3.8. Kelebihan dan Kekurangan Chitosan
Berdasarkan sifat-sifat biologi dan kimianya, maka chitosan mempunyai
sifat fisik khas, yaitu mudah dibentu menjadi spons, larutan, gel, pasta, membran,
dan serat yang bermanfaat aplikasinya. Menurut Prasetiyo (2006) dari segi
ekonomi, pemanfaatan chitin dari limbah cangkang udang untuk bahan utama dan
bahan pendukung dalam berbagai bidang dan industri sangat menguntungkan
karena bahan bakunya berupa limbah berasal dari sumberdaya lokal.

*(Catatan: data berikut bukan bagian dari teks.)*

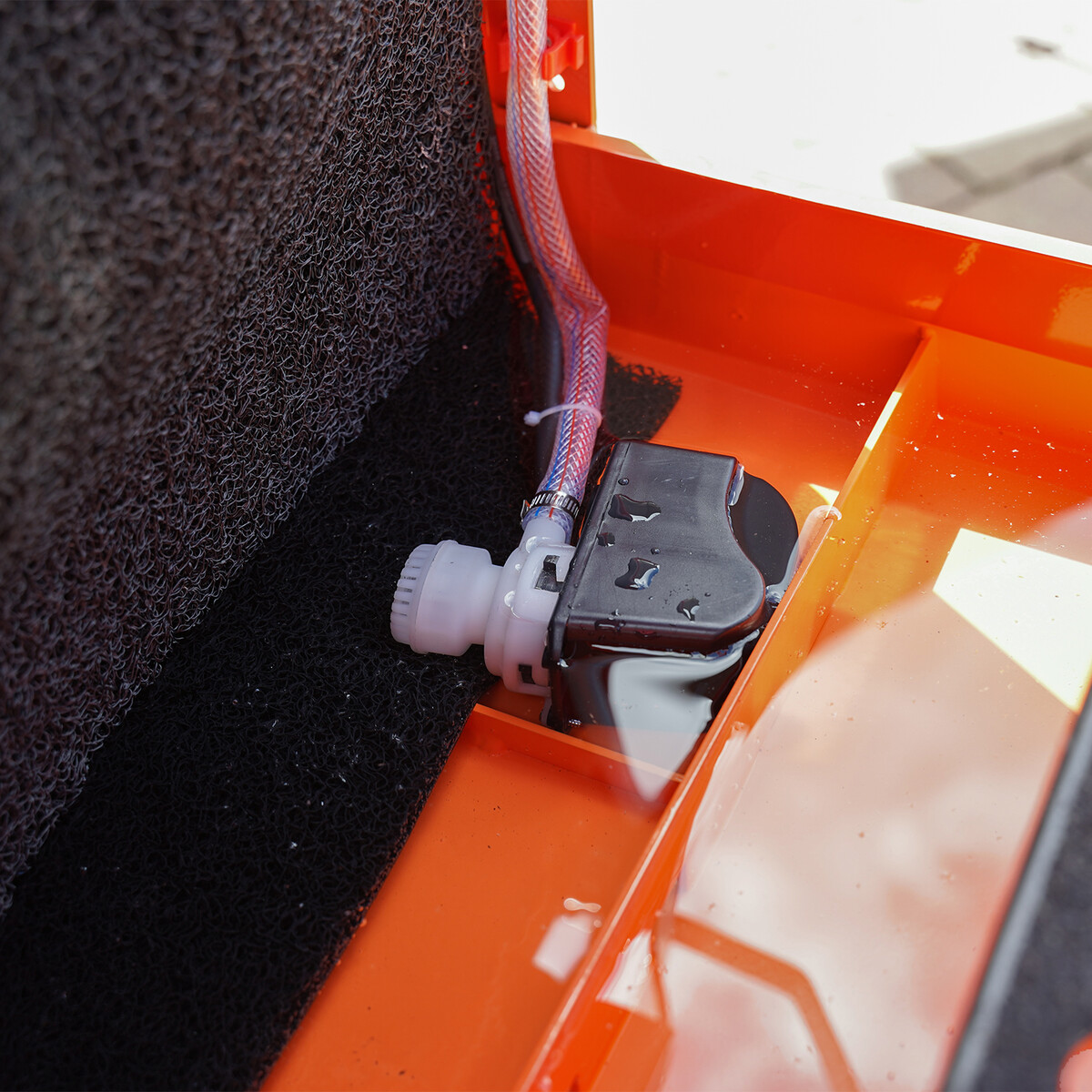 Installe la pompe de circulation si nécessaire. Sur certains modèles, il est également requis de placer un tapis de protection. Avant de démarrer, vérifie tous les dispositifs de sécurité de la tronçonneuse.

Chitosan
merupakan polisakarida yang unik dan telah secara luas digunakan dalam
bermacam aplikasi biomedis disebabkan kemudahan, cocokannya dengan unsur
makhluk hidup, toxicitasnya rendah, mudah diuraikan, tidak bersifat imunogenik,
dan bersifat non-karsinogenik (Irawan, 2007).
Kelebihan dan kekurangan chitosan menurut Kusumawati (2006) bahwa
karena sifatnya yang dapat menarik lemak, chitosan banyak dbuat tablet atau pil
penurun berat badan. Chitosan dapat menyerap lemak dalam tubuh dengan cukup
baik. Dalam kondisi optimal, chitosan dapat menyerap lemak 4-5 kali berat
chitosan. Beberapa penelitian telah berhasil membuktikan bahwa chitosan dapat
menurunkan kolesterol tanpa menimbulkan efek samping. Hanya satu saja yang
harus diperhatikan, konsumsi chitosan harus tetap terkontrol, karena chitosan juga
dapat menyerap mineral kalsium dan vitamin yang ada didalam tubuh. Selain itu,
orang yang biasanya mengalami penyakit alergi terhadap makanan laut sebaliknya
menghindari dari mengkonsumsi tablet atau pil chitosan.